Exhibit 4.1


This Termination Agreement (this “Agreement”) is made and entered into as of November 20, 2023 by and between Gold Bullion Holdings (Jersey) Limited (“GBH”), a company incorporated in Jersey with registered number 87321 and whose registered office is at 28 Esplanade, St. Helier, JE2 3QA, Jersey, and WisdomTree, Inc. (the “Company”), a Delaware corporation with its principal place of business at 250 West 34th Street, 3rd Floor, New York, New York 10119, USA (each of the Company, and GBH, a “Party” to this Agreement, and collectively, the “Parties”).

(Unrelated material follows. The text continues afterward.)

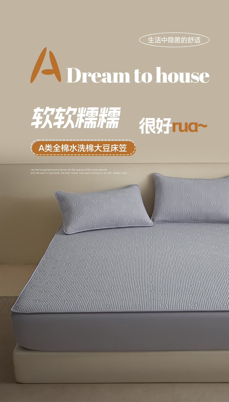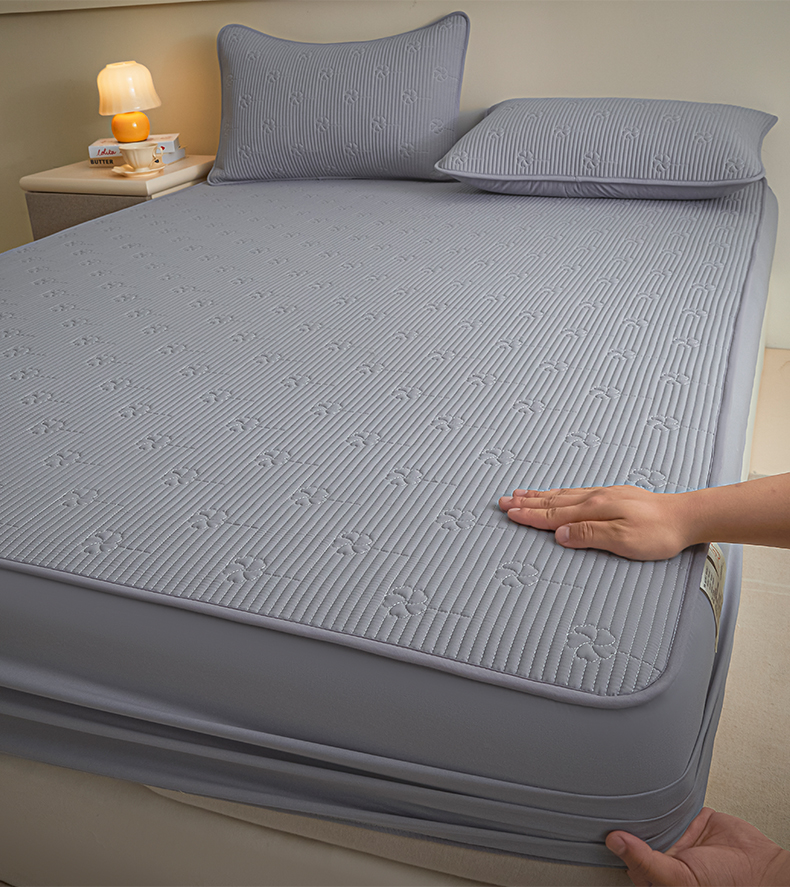 芬晴家纺 2025新款A类全棉夹棉水洗棉大豆床笠-花梦 花梦-浅灰

WHEREAS, GBH and the Company are parties to that certain Investor Rights Agreement, dated May 10, 2023 (the “IRA”);


WHEREAS, GBH and the Company have entered into that certain Stock Repurchase Agreement as of the date hereof (the “Stock Repurchase Agreement”), whereby the Parties seek to effectuate a repurchase of 13,087 shares of the Company’s Series C Non-Voting Convertible Preferred Stock, par value $0.01 per share, by the Company from GBH; and


WHEREAS, in connection with the entry into the Stock Repurchase Agreement, the Parties wish to terminate the IRA effective upon the Repurchase Closing, as that term is defined in the Stock Repurchase Agreement.


NOW, THEREFORE, in consideration of the foregoing premises and the mutual covenants and agreements contained herein, and for other good and valuable consideration, the receipt and sufficiency of which are hereby acknowledged, the Parties, intending to be legally bound hereby, agree as follows:


1. Definitions. Capitalized terms used in this Agreement and not otherwise defined shall have the respective meanings assigned to them in the IRA.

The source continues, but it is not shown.